Cache Collector allows to encapsulate a cache garbage collection strategy with a Cache Accessor implementation where you can decouple cache garbage collection form other orthogonal aspects of caching. In addition, cache collector can encapsulate multiple cache garbage collection strategies by defining its operations in terms of pluggable operations. A Cache Accessor implementation can then choose which strategy to use.

Structure & UML

The following figure illustrates the static structure for the Cache Collector :

ICacheCollector, ICacheEntry, and ICacheEntryFactory are interfaces that define various abstractions for cache collection strategies (obviously with interfaces, there are no specific algorithms or rules as these are just interfaces and not implemenation-details). These interfaces allow you to plug multiple collection strategies into the same CacheAccessor implementation, and more importantly, they allow you to isolate collection logic within its own component. Note the following:

The following figure illustrates the sequence diagram when a CacheAccessor writes a new cache entry:

The CacheAccessor uses its ConcreteCacheEntryFactory implementation to wrap the original data in a ConcreteCacheEntry object. This new ConcreteCacheEntry object is then stored in the Cache rather than the data itself. This allows the CacheAccessor object to maintain any related metadata that its ConcreteCacheCollector requires.

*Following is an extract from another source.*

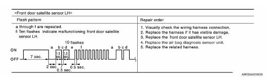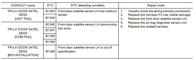 Replace the front door satellite sensor LH. Refer to SR "Removal and Installation".

The following figure illustrates the sequence diagram when a CacheAccessor reads a cache entry:

CacheAccessor gets the corresponding ConcreteCacheEntry object from the Cache object. And instead of returning this ConcreteCacheEntry object to the client, CacheAccessor retrieves and returns the original data that the ConcreteCacheEntry object wraps. This has three positive effects:

  1. The concept of ConcreteCacheEntries remain hidden from clients and this eliminates client dependency on a specific cache collection strategy.
  2. ConcreteCacheEntries have an opportunity to update metadata accordingly (updating timestamps, etc.)
  3. CacheAccessor's read and write data are symmetrical so that clients read and write in the same form.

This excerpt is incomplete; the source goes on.